Picking 2 items from `n` identical items: `C(n, 2) = n * (n - 1) / 2`
Picking 3 items from `n` identical items: `C(n, 3) = n * (n - 1) * (n - 2) / 6`
Integer division must happen after the multiplication to avoid truncation errors.
wrong_approach: "Using count² or count³ for repeated values"
correct_approach: "Use proper combinations C(n, k) formulas"
key_takeaways:
- "**Counting over bounded domains**: When values are constrained to a small range, counting frequencies can reduce complexity dramatically"
- "**Combinations for duplicates**: When selecting multiple items of the same type, use `C(n, k)` formulas rather than simple multiplication"
- "**Modular arithmetic**: For large counts, apply modulo at each step to prevent overflow"
- "**Order constraints prevent double-counting**: Enforcing `i <= j <= k` ensures each unique combination is counted exactly once"
time_complexity: "O(n + V³) where V is the value range (101).
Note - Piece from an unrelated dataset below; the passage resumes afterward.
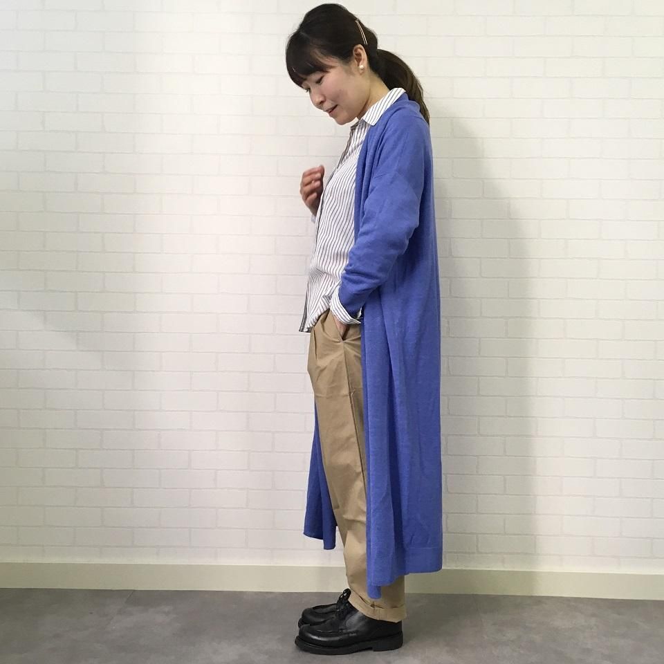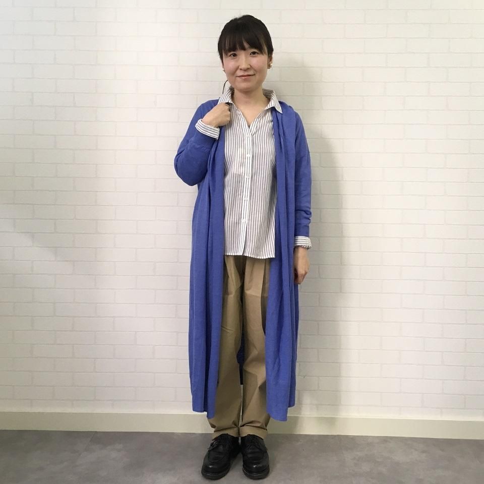 今回は、パンツとシャツに合わせていますが、ワンピースは勿論、スカートにも合わせやすい羽織ニットです♪

We count frequencies in O(n), then iterate through at most 101³ ≈ 1 million value triplets."
space_complexity: "O(V) where V is 101. We store a frequency count for each possible value in the range [0, 100]."
solutions:
- approach_name: Counting with Combinatorics
is_optimal: true
code: |
def three_sum_multi(arr: list[int], target: int) -> int:
MOD = 10**9 + 7
# Count frequency of each value (values range 0-100)
count = [0] * 101
for val in arr:
count[val] += 1
result = 0
# Iterate through all value triplets where i <= j <= k
for i in range(101):
for j in range(i, 101):
k = target - i - j
# k must be in valid range and >= j (to avoid double counting)
if k < j or k > 100:
continue
if count[i] == 0 or count[j] == 0 or count[k] == 0:
continue
if i == j == k:
# All three values equal: C(count[i], 3)
result += count[i] * (count[i] - 1) * (count[i] - 2) // 6
elif i == j:
# First two equal: C(count[i], 2) * count[k]
result += count[i] * (count[i] - 1) // 2 * count[k]
elif j == k:
# Last two equal: count[i] * C(count[j], 2)
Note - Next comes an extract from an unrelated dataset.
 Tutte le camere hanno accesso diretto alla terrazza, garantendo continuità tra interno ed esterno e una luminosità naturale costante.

result += count[i] * count[j] * (count[j] - 1) // 2
else:
# All distinct: simple multiplication
result += count[i] * count[j] * count[k]
result %= MOD
return result
explanation: |
**Time Complexity:** O(n + V²) where V = 101 — We count in O(n), then iterate i and j while computing k directly.
**Space Complexity:** O(V) — Frequency array of size 101.
By counting value frequencies first, we transform index-based enumeration into value-based enumeration. The combinations formulas handle duplicate values correctly, ensuring each valid index triplet is counted exactly once.
- approach_name: Two Pointers with Sorting
is_optimal: false
code: |
def three_sum_multi(arr: list[int], target: int) -> int:
MOD = 10**9 + 7
arr.sort()
n = len(arr)
result = 0
for i in range(n - 2):
# Two pointers for remaining sum
left, right = i + 1, n - 1
remaining = target - arr[i]
while left < right:
current_sum = arr[left] + arr[right]
if current_sum < remaining:
left += 1
elif current_sum > remaining:
right -= 1
else:
# Found a valid triplet sum
if arr[left] == arr[right]:
# All values between left and right are equal
count = right - left + 1
result += count * (count - 1) // 2
break
else:
# Count duplicates on left and right
left_count = 1
while left + 1 < right and arr[left] == arr[left + 1]:
left += 1
left_count += 1
right_count = 1
while right - 1 > left and arr[right] == arr[right - 1]:
right -= 1
right_count += 1
result += left_count * right_count
left += 1
right -= 1
result %= MOD
return result
explanation: |
**Time Complexity:** O(n² + n log n) — Sorting takes O(n log n), then we have O(n) iterations of the outer loop, each with O(n) two-pointer work.
**Space Complexity:** O(1) or O(n) depending on sorting implementation.
This approach sorts the array first, then uses the classic two-pointer technique for 3Sum. When duplicates are found, we count them and multiply. While this is less optimal than the counting approach for small value ranges, it works for any value range.